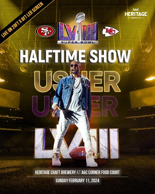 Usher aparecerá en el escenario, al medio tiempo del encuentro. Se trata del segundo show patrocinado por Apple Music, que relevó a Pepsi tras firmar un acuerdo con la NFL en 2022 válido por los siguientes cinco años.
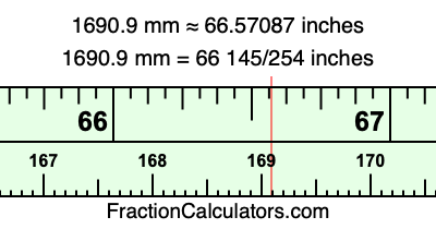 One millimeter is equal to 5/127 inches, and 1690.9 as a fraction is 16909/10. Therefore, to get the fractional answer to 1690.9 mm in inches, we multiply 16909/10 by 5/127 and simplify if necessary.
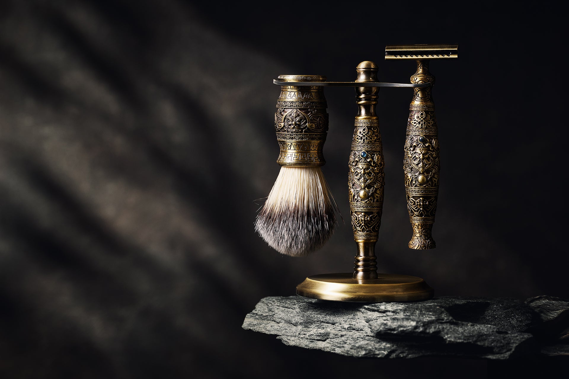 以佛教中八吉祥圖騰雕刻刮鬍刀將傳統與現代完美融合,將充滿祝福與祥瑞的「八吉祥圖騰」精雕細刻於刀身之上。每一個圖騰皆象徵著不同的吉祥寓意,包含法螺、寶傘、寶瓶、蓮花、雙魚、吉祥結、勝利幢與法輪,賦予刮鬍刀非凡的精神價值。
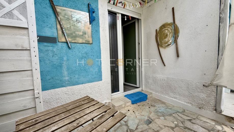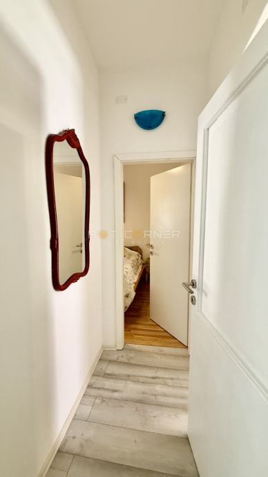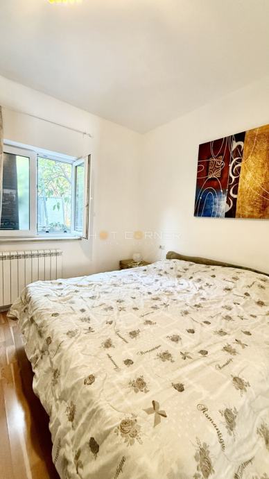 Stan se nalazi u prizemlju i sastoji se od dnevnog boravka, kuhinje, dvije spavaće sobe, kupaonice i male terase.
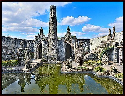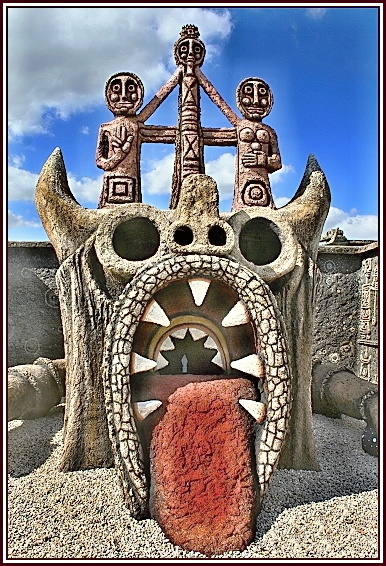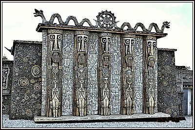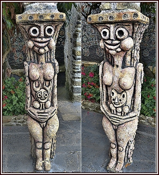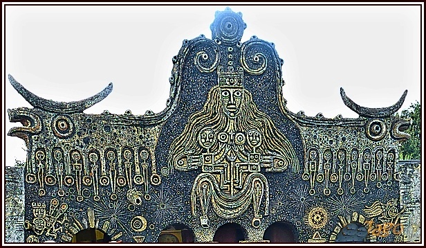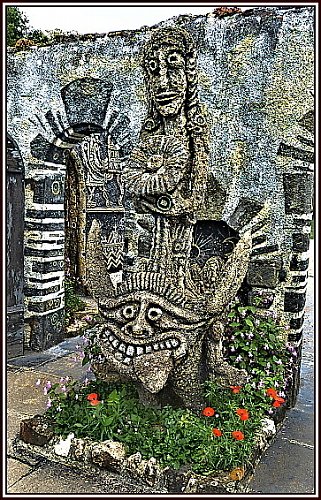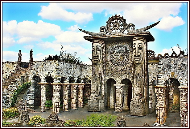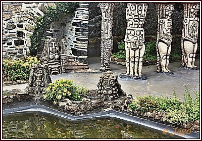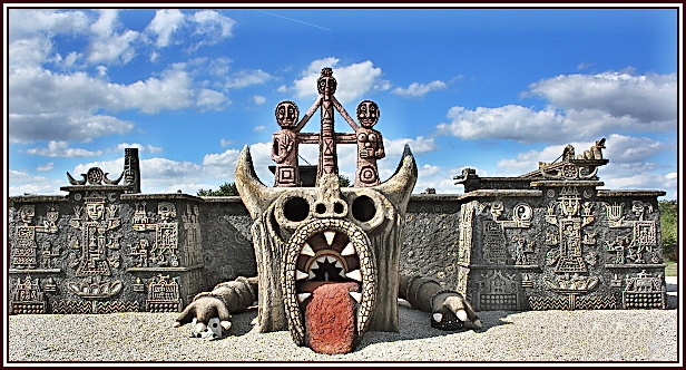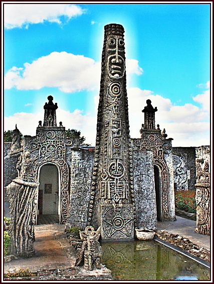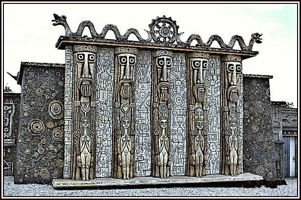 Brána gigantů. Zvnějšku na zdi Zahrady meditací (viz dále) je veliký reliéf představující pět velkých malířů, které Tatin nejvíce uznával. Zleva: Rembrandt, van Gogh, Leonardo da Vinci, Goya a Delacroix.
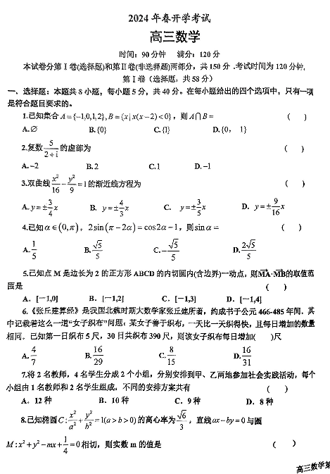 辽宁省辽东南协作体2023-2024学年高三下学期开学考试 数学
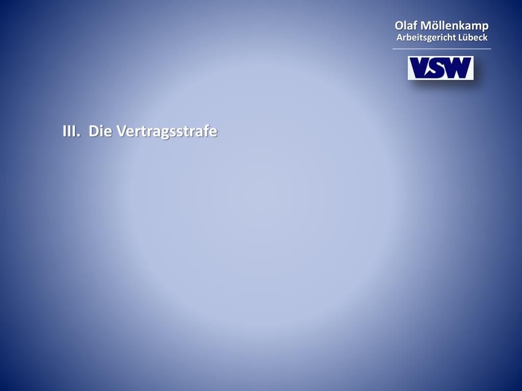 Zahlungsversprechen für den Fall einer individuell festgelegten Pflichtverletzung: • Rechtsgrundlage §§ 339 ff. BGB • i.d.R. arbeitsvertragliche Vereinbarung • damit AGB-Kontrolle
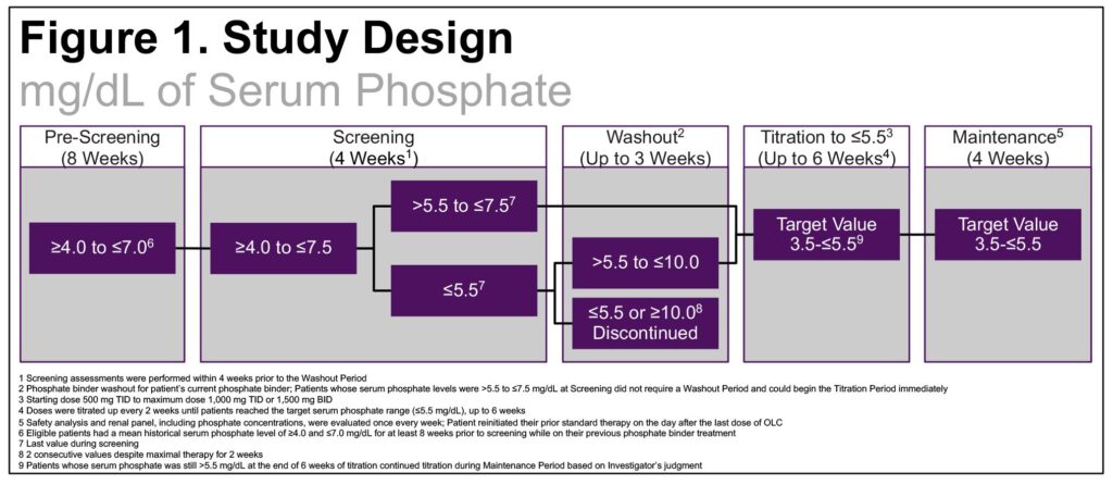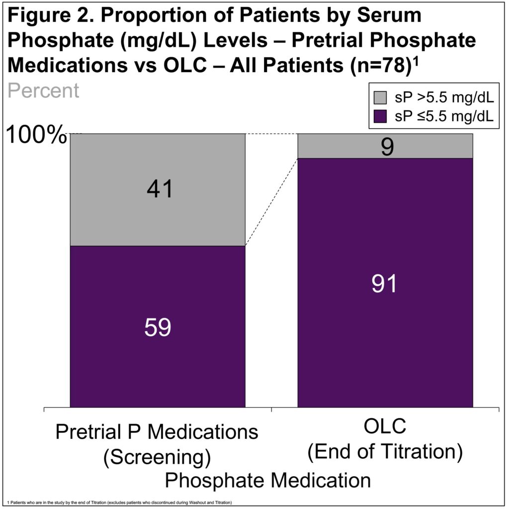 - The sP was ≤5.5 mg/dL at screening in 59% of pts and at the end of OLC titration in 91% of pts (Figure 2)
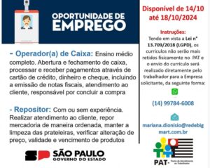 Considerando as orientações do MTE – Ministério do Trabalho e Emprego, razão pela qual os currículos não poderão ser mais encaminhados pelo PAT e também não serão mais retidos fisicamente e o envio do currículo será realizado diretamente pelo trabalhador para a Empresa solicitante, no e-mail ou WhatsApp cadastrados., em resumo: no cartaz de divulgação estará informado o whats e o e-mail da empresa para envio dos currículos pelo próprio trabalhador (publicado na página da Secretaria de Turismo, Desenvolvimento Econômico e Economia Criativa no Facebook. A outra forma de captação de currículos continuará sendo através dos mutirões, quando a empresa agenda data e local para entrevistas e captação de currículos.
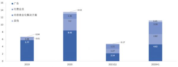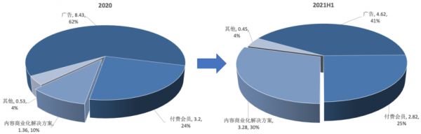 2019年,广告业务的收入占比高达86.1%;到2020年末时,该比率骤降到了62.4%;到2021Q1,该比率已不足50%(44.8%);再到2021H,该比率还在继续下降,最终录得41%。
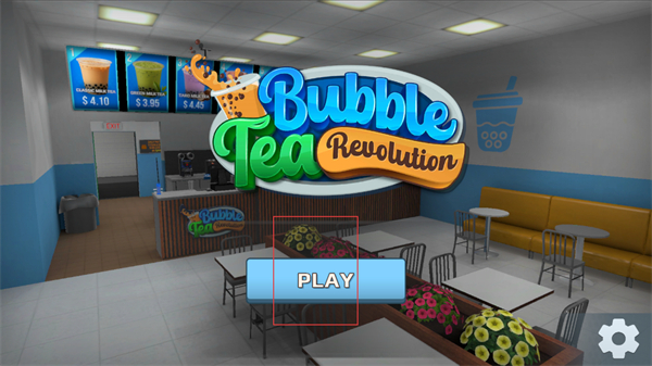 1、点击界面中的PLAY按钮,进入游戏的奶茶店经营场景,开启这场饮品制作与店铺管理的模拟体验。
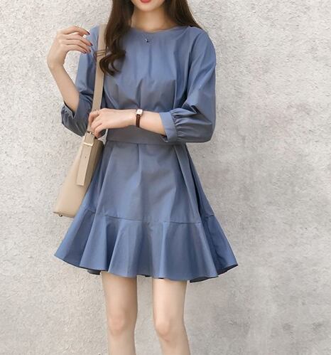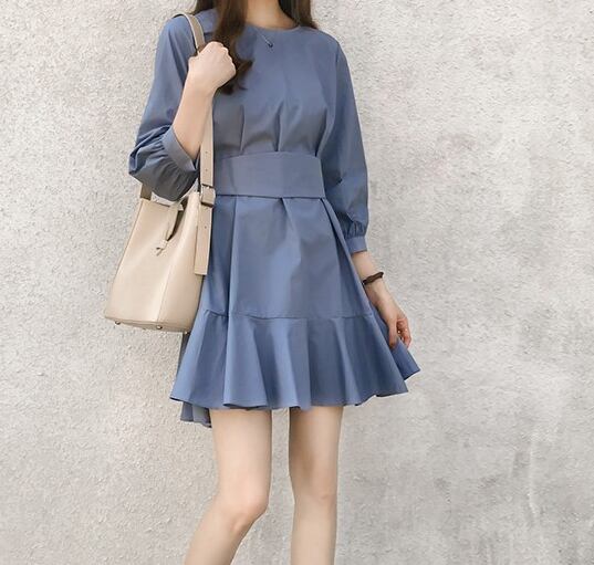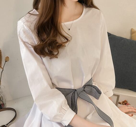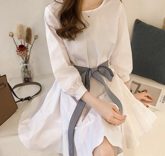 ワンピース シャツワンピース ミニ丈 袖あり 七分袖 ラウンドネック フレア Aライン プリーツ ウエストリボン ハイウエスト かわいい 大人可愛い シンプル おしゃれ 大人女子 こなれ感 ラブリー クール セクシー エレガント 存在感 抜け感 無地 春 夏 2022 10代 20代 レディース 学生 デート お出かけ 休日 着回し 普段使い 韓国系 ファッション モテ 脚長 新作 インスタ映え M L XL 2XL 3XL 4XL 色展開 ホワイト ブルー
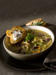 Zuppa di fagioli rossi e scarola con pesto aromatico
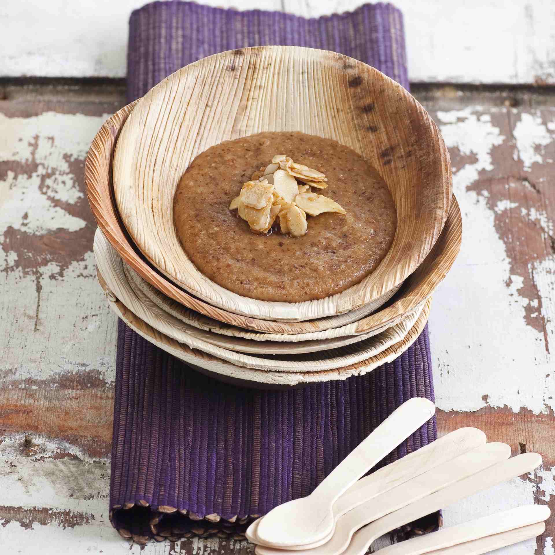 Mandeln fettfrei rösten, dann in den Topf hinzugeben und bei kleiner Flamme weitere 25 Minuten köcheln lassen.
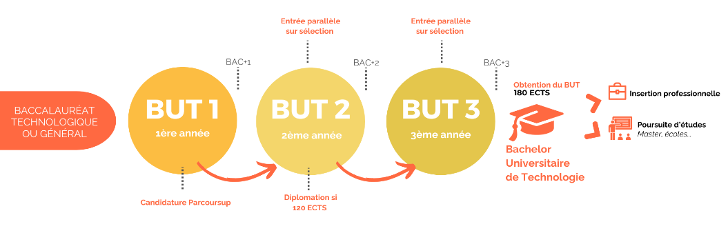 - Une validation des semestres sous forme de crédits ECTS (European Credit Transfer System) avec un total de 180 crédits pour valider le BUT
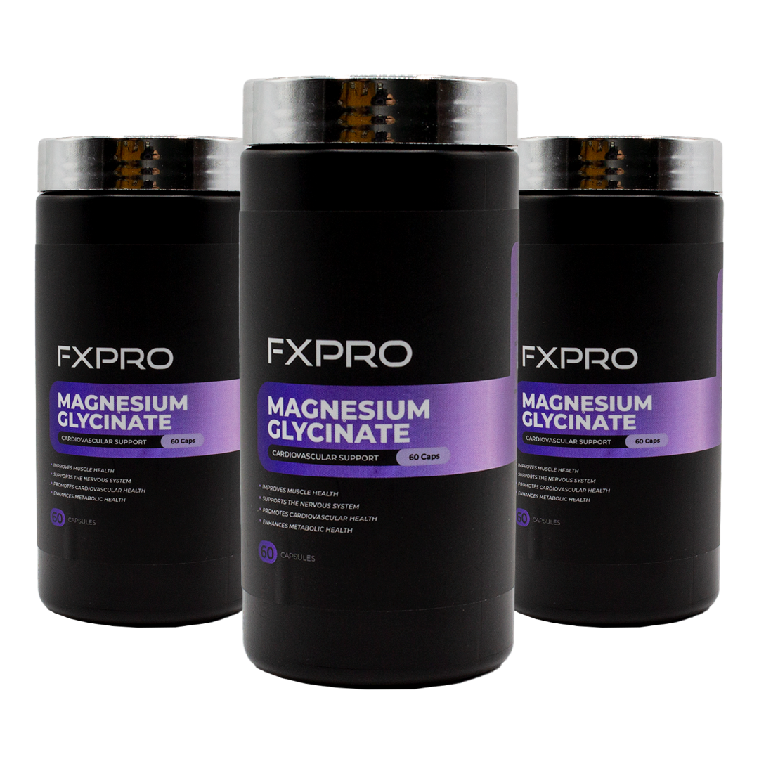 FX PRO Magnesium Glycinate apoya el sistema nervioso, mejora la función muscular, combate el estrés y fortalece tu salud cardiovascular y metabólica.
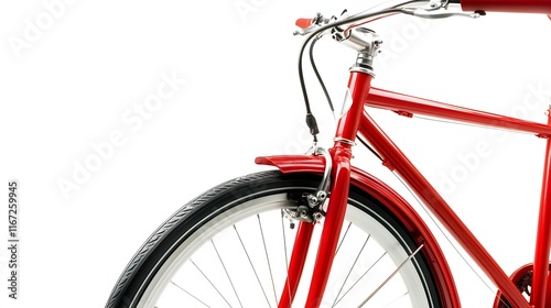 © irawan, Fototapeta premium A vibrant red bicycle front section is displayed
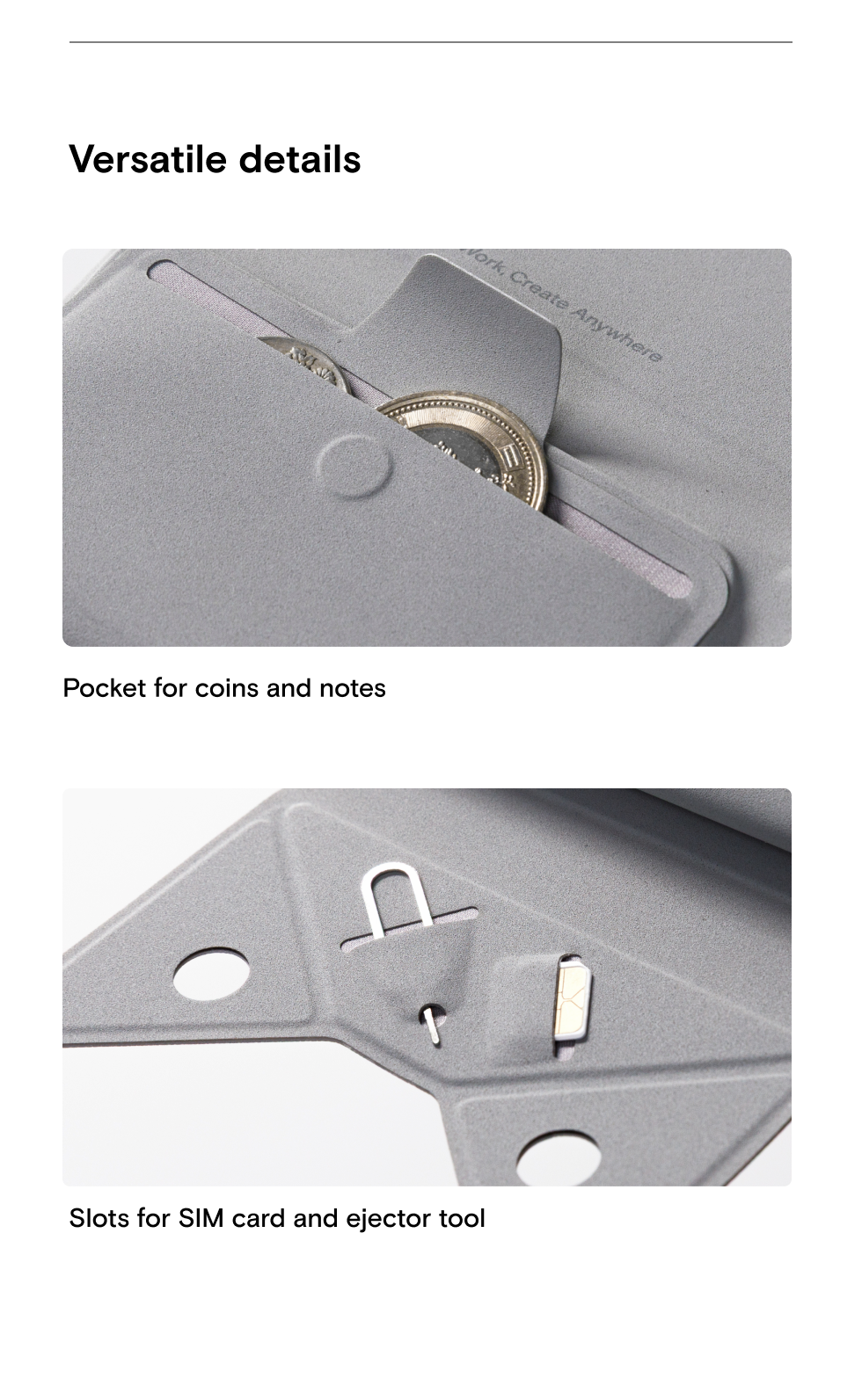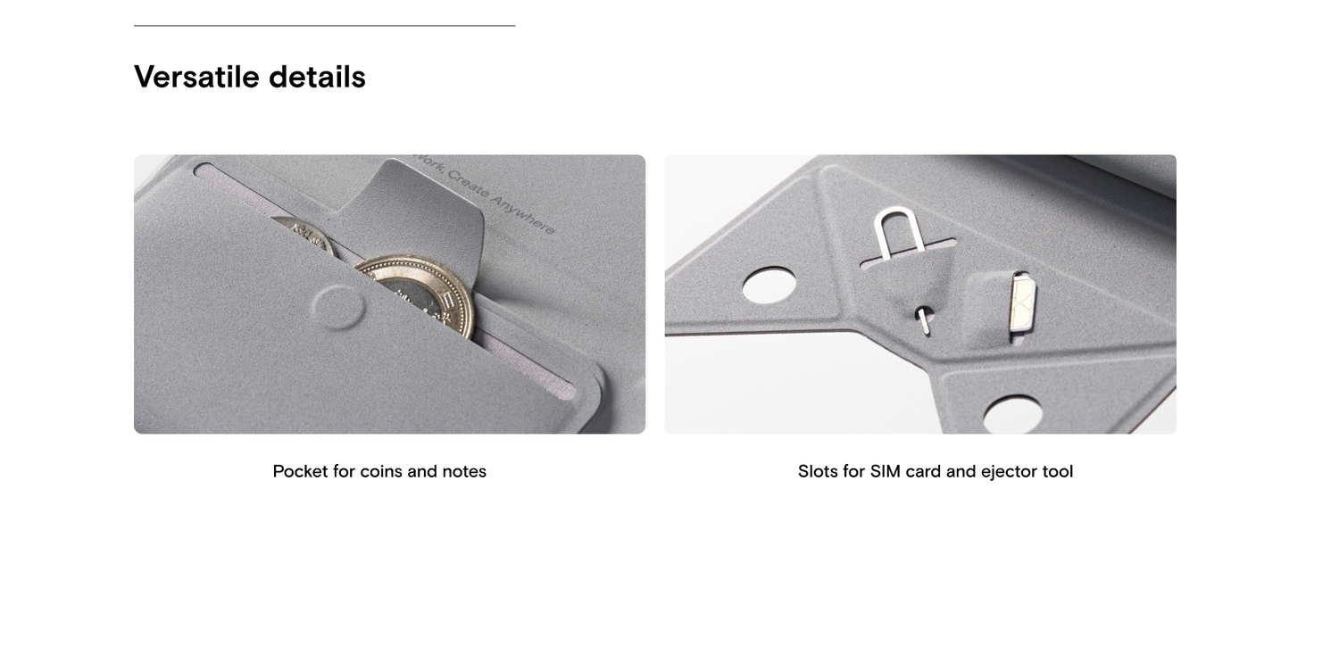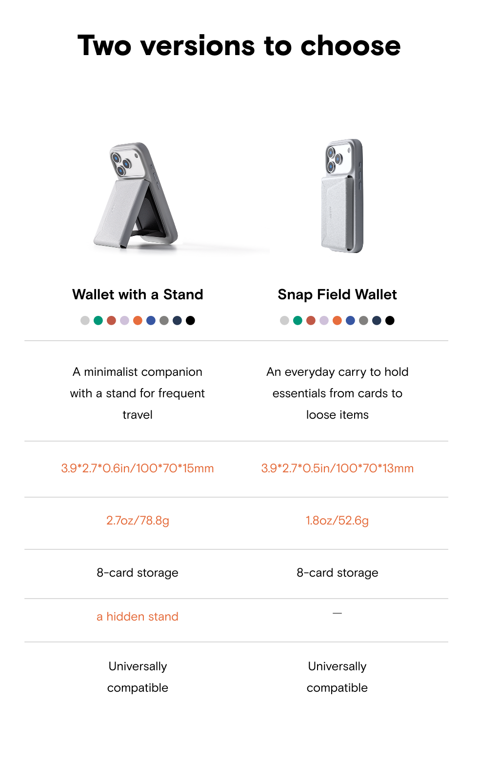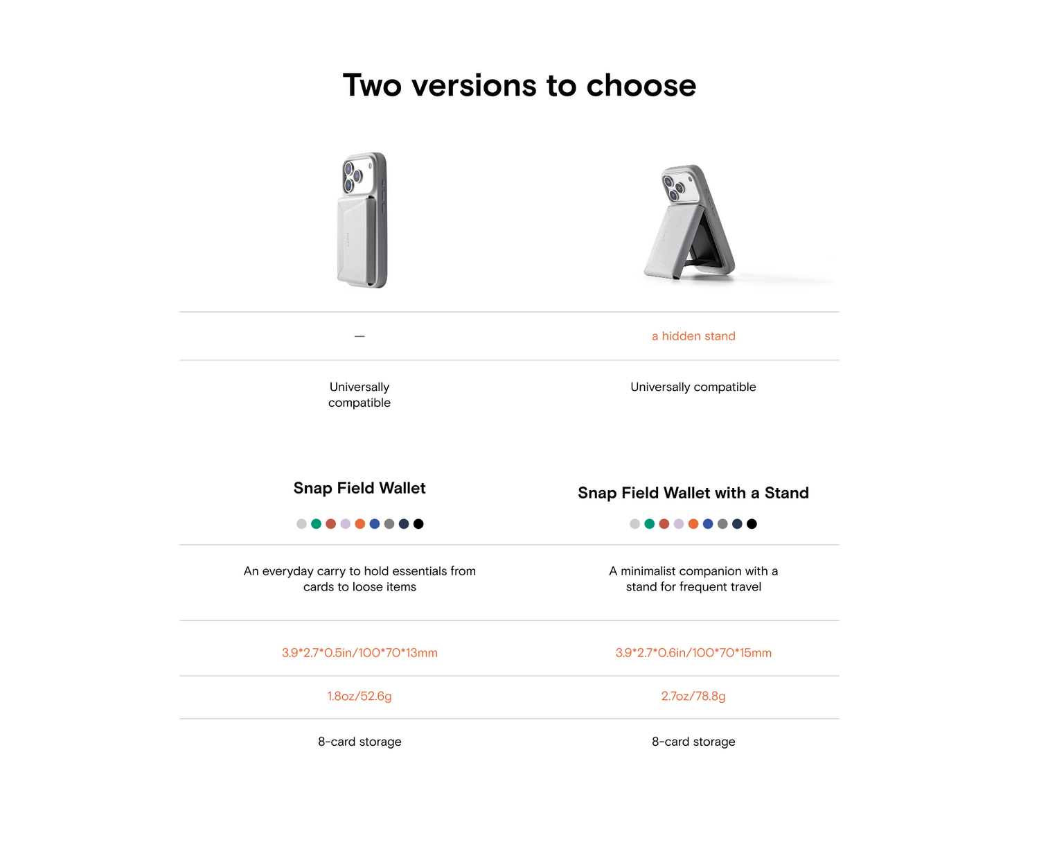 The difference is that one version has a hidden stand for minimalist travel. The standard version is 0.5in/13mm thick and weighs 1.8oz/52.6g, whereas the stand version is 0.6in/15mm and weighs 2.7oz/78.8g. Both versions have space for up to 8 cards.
= = = = =
Between and including the line with "辽宁省辽东南协作体2023-2024学年高三下学期开学考试 数学" and the line with "- The sP was", repeat every line exactly as it appears above, with pictures left out.

 辽宁省辽东南协作体2023-2024学年高三下学期开学考试 数学
 Zahlungsversprechen für den Fall einer individuell festgelegten Pflichtverletzung: • Rechtsgrundlage §§ 339 ff. BGB • i.d.R. arbeitsvertragliche Vereinbarung • damit AGB-Kontrolle
 - The sP was ≤5.5 mg/dL at screening in 59% of pts and at the end of OLC titration in 91% of pts (Figure 2)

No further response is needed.